De la révolution à la révolte
Le 6 janvier 1645, 22 000 hommes sont mobilisés ou s’engagent dans la nouvelle armée anglaise « parlementaire » formée pour remplacer celles financées par les nobles. À leur tête, Sir Thomas Fairfax et Oliver Cromwell. Ce dernier, puritain et héritier d’une grande fortune, renversera la monarchie anglaise, envahira l’Écosse et l’Irlande et prendra le pouvoir contre les royalistes. Héros révolutionnaire, père de la République à l’anglaise ou proto-dictateur, il est une personnalité clivante encore aujourd’hui. Il est également l’inspirateur d’un groupe culte qui sévit dans l’ombre depuis plus de 40 ans, New Model Army, NMA.

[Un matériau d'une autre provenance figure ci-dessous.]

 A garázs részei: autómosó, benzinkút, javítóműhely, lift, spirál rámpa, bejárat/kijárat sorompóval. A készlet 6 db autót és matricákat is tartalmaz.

Plus de 400 ans après la première révolution anglaise, à Bradford, West Yorkshire, Justin Sullivan, Stuart Morrow et Phil Tompkins montent un groupe de punk également marqué par son intérêt pour la Northern Soul (ou Rare Soul, courant soul du Nord du Royaume Uni qui aura une grande influence sur le rock, le punk, les Mods dont The Jam et Paul Weller, évidemment et bien sur la Soul anglaise contemporaine). Rapidement Tompkins quitte le trio pour être remplacé un peu plus tard par celui qui deviendra le deuxième pilier du groupe, Robert Heaton. Ce dernier a longtemps navigué dans l’entourage d’Hawkwind, notamment comme batteur—1981/1983— et a déjà une solide expérience de technicien.

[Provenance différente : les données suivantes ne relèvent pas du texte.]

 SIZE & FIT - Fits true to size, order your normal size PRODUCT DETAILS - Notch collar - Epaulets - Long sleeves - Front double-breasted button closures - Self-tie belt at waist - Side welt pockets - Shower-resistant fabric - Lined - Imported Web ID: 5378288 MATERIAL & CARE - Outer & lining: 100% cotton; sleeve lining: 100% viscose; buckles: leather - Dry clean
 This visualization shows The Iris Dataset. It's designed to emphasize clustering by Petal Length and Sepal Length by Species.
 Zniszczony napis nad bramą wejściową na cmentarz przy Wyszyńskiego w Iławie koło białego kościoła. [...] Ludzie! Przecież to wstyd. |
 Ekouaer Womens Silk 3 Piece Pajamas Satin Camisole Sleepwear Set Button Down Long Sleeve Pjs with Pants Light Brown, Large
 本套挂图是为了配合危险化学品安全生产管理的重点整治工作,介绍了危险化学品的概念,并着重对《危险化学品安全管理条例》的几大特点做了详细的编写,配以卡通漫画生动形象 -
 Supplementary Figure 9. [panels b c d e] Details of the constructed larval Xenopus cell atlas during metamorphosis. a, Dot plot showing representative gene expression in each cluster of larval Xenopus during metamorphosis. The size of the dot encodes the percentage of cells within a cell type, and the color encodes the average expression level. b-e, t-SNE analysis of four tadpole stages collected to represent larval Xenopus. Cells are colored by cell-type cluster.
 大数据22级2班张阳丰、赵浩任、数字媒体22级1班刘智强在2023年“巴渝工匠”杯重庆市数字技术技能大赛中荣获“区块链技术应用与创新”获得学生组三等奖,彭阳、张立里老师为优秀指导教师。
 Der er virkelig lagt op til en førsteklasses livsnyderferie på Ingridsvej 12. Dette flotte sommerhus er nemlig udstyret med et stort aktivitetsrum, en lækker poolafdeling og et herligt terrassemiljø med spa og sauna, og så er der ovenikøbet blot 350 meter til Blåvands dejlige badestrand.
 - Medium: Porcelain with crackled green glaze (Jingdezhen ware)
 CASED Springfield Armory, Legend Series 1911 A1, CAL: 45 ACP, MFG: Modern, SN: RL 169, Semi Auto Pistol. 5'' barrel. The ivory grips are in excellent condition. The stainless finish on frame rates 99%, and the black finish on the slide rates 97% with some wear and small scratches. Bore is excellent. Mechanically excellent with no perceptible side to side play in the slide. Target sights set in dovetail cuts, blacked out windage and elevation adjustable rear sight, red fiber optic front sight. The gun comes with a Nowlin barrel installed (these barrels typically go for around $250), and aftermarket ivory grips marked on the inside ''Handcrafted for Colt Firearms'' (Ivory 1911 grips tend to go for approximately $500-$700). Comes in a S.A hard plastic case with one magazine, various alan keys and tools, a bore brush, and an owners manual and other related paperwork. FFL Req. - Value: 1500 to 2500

En 1983, le DJ John Peel, infatigable découvreur et amoureux de musique, programme régulièrement leurs premiers singles sortis sur Abstract Records, Bittersweet et Great Expectations.
En avant, marge!
En Angleterre, c’est la grande époque des néo romantiques, c’est l’heure de gloire des Smiths, New Order squattant les dance floors avec leur Blue Monday. Ce sont les années Thatcher et tout leur lot de misère, et les ravages socio-économiques du néo-libéralisme. La guerre des Malouines est encore dans toutes les têtes. Ce sont les années 83/84. Après un passage live remarqué dans l’émission The Tube le 20 janvier 1984, Vengeance, le premier E. P. de NMA sort en avril.

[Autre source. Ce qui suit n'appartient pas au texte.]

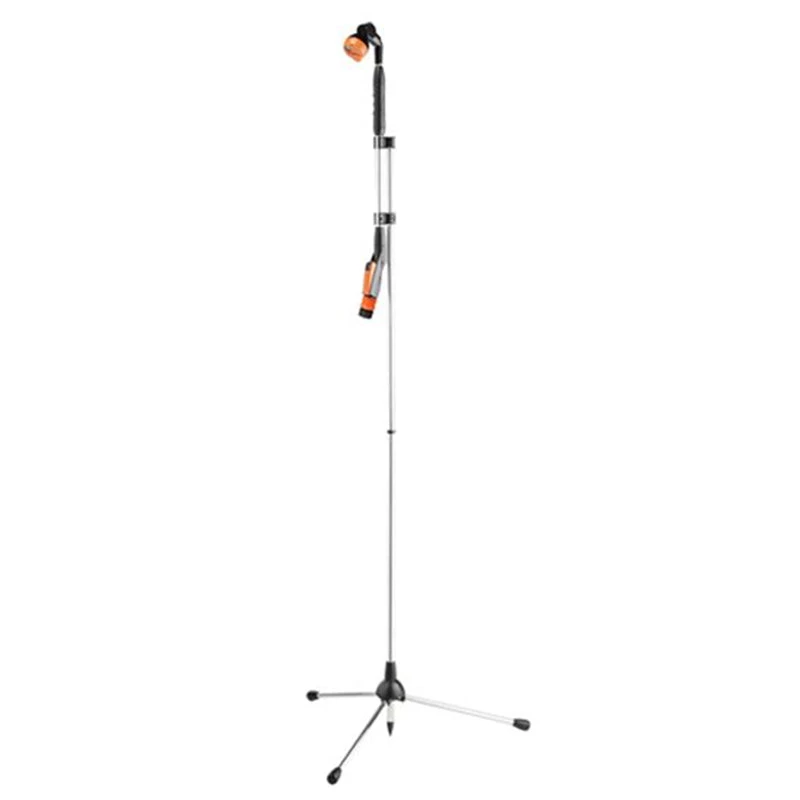 2 in 1 shower and spray lance. Versatile garden shower. Rustproof aluminum tripod with spike for maximum stability. Height adjustable from 175 to 225 cm Converts handily into a practical spray lance with telescopic rod. Ergonomic horizontal grip with shallow-angled outlet. Rustproof aluminum rod. Handy front-mounted push-button mechanism for controlling and shutting off the water flow. 2 flow settings. Swivel spray head equipped with 4 different jets. Shower, concentrated, aerated and mist. Made in Italy.
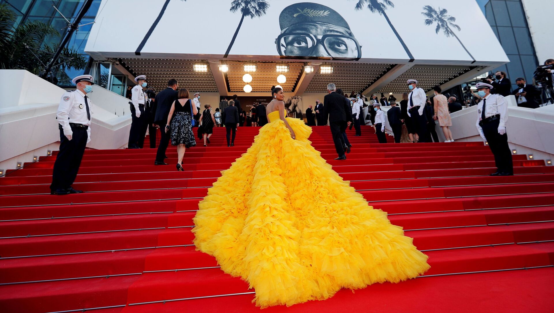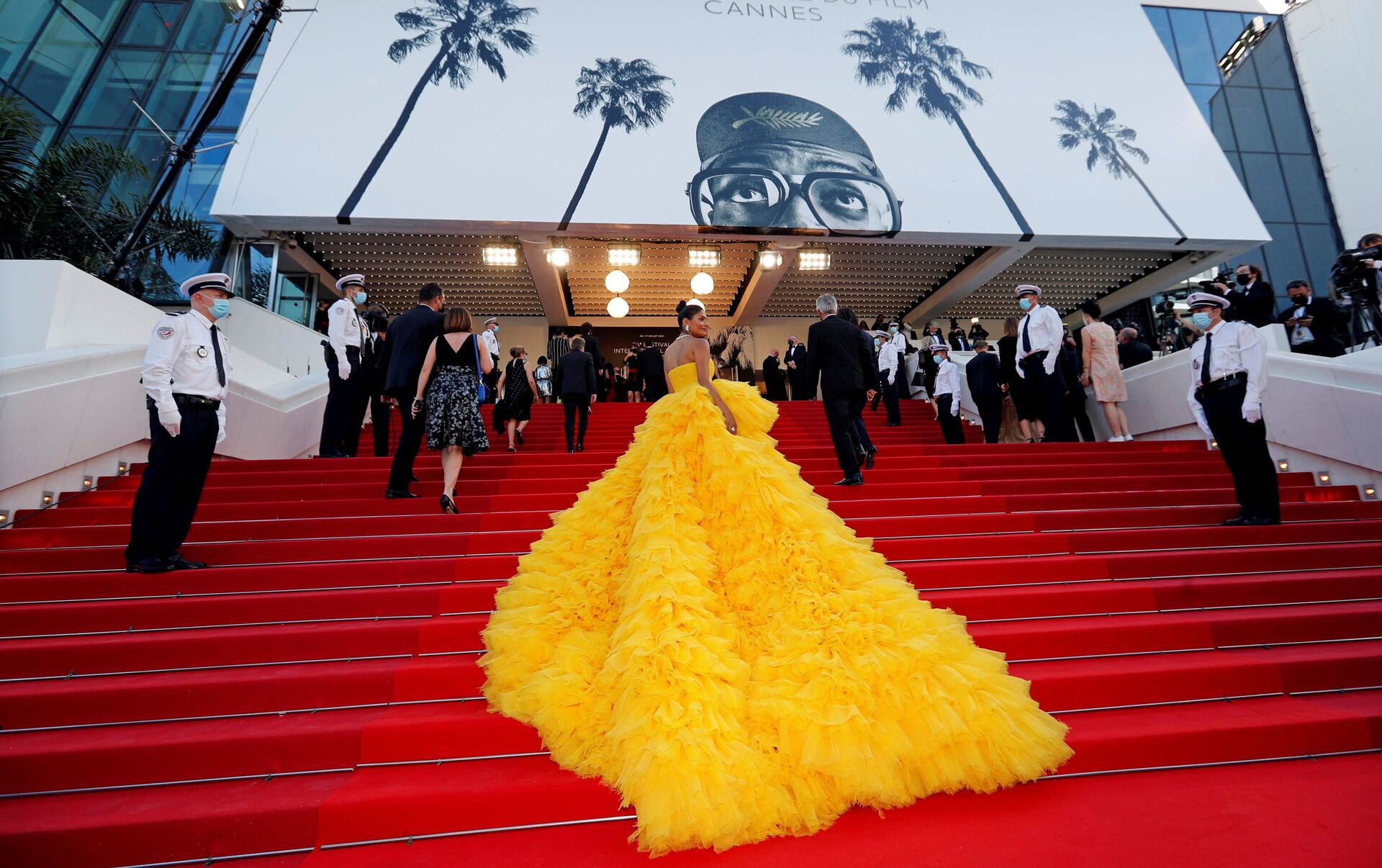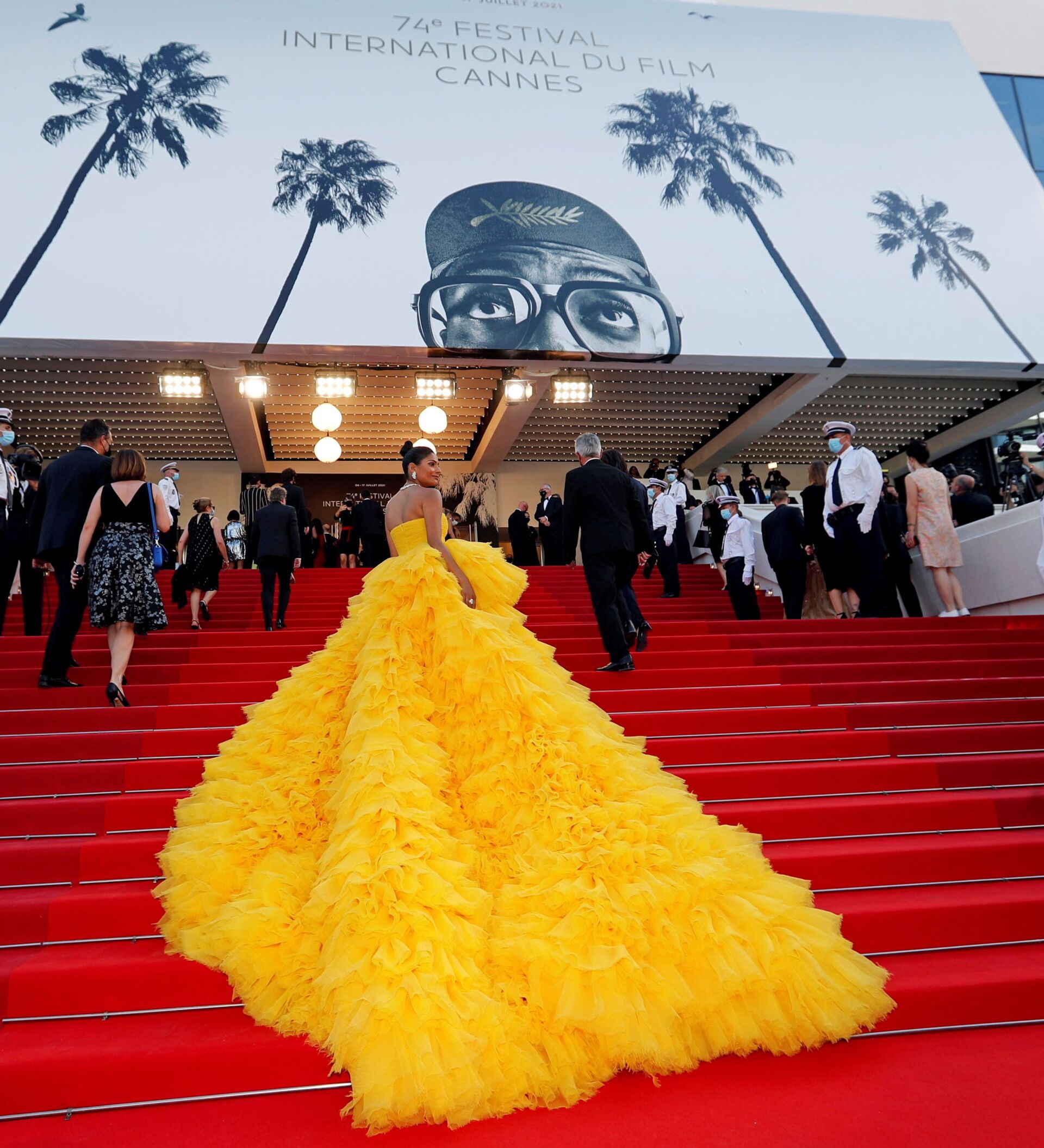 وصول المدونة الهندية فرهانا بودي (فرحانة بودي) إلى السجادة الحمراء لحضور العرض الأول بفيلم "آنيت"، في إطار افتتاح مهرجان كان السينمائي بنسخته الـ74، 6 يوليو 2021

Tous les ingrédients qui feront la patte NMA sont déjà présents sur ce manifeste. Une guitare qui oscille entre punk, post-punk, folk, une batterie qui fait monter la tension, une basse qui claque et accompagne la ligne harmonique à la perfection, des mélodies imparables et personnelles. Le timbre de Sullivan et la conviction qu’il met dans la déclamation de ses textes emporte immanquablement l’auditeur et transforme chaque refrain en hymne facilement repris par un public de plus en plus nombreux à les suivre. Les fans inventeront même un gimmick gestuel particulier avec les bras qui sera repris en masse lors des concerts, créant la sensation diffuse d’être face à une sorte d’armée…
De l’écriture (trop) spontanée, les polémiques
Dès le début, les musiciens prêtent à la controverse. Il faut dire que leur nom et les textes très engagés peuvent facilement amener certains groupes idéologiques à se revendiquer proche de ce qu’ils dénoncent. On leur reproche d’être des fascistes, puis des gauchistes. Pour les premiers, il faut lire les paroles de Vengeance où Sullivan appelle ouvertement à traquer les nazis réfugiés en Amérique du sud et à les abattre pour venger les atrocités de la seconde guerre mondiale. En sous-texte, on peut y lire une violente diatribe contre Klaus Barbie puisqu’il compose après avoir vu une émission sur l’assassin de Jean Moulin.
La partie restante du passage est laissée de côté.